A case study on the night of July 20–21 was conducted by analyzing a one-night blocking diagram and applying a reverse ray tracing model to nine observed gravity waves. The ray paths indicated that: (1) six among eight small-scale gravity waves were generated in the mesosphere region (two of them around the mesopause); (2) only two small-scale waves were potentially generated in the troposphere (none of these two waves were linked to any clear meteorological source); (3) the ray path for the medium-scale wave stopped more than 600 km to the west of the station (at around 33 km of altitude), due to reaching the limit of the used data grid (in lat./lon.), and it was potentially generated far away (>1000 km) from the observatory in the lower stratosphere or troposphere. Despite the fact that none of the waves could be associated with any reliable source, the ray tracing confirmed the general results obtained by the blocking diagrams and further investigations (with a larger set of wave events in distinct seasons) should be conducted in future works.

Supplementary Materials

The following are available online at https://www.mdpi.com/2073-4433/11/8/880/s1, Table S1: all gravity wave parameters.

Author Contributions

Conceptualization, G.A.G. and J.V.B.; data curation, H.K. and Y.H.K.; formal analysis, G.A.G. and J.V.B.; methodology, G.A.G., J.V.B. and C.A.O.B.F.; software, G.A.G., J.V.B., C.A.O.B.F. and C.M.W.; validation, J.V.B. and C.A.O.B.F., C.M.W.; writing—original draft, G.A.G.; writing—review and editing, G.A.G., J.V.B., C.M.W. and N.J.S. All authors have read and agreed to the published version of the manuscript.

Funding

This study was financed in part by the Coordenação de Aperfeiçoamento de Pessoal de Nível Superior-Brasil (CAPES)—Finance Code 001.

Acknowledgments

This work is part of the Graduate Program in Meteorology, Federal University of Santa Maria (UFSM), supported by Coordination for the Improvement of Higher Education Personnel (CAPES) finance code 001. The authors also acknowledge the support of the Brazilian Antarctic Program (PROANTAR), the Inter-Ministry Commission for Sea Resources (CIRM) and the Brazilian Ministry of Science, Technology, Innovation, and Communications (MCTIC).

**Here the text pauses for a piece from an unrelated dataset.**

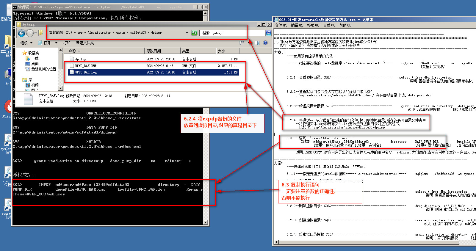 --将物理实体.dmp和日志文件.log要放置到虚拟目录对应的路径下,

G. Giongo thanks Conselho Nacional de Desenvolvimento Científico e Tecnológico (CNPq) for Scientific Initiation Projects, process numbers: 122389/2015-8, and 114037/2016-7, and 139638/2017-2. Authors thanks ECMWF, for they reanalysis data set, and also GMAO/NASA and GES DISC for they useful reanalysis, and also to the TIMED/SABER and AURA/MLS satellite teams for the availability of these data at their respective websites. The high-performance all-sky airglow imager used in this work was provided by the Brazilian Study and Monitoring of Space Weather (Embrace) Program at INPE, and we appreciate the transfer of the instrument to the optical airglow facilities at EACF in 2014. Authors thank Korea Polar Research Institute for the meteor radar grant PE20100. We also should acknowledge the NSF/OPP grants ATM-0634650 and AGS-1744801 used for the installation, maintenance, and operations of the Drake Antarctic Agile MEteor Radar (DrAAMER) that was deployed at the Brazilian Antarctic Station Comandante Ferraz in 2010 and it was fully repaired during this last summer of 2020. C.A.O.B. Figueiredo thank the Fundação de Amparo à Pesquisa do Estado de São Paulo (FAPESP) for kindly providing financial support through process number 2018/09066-8. Nelson Jorge Schuch thanks the Brazilian Agency—CNPq for the fellowship under grant number 300886/2016-0 and to Rodrigo Passos Marques for technical support

Conflicts of Interest

The authors declare no conflict of interest. The funders had no role in the design of the study; in the collection, analyses, or interpretation of data; in the writing of the manuscript, or in the decision to publish the results.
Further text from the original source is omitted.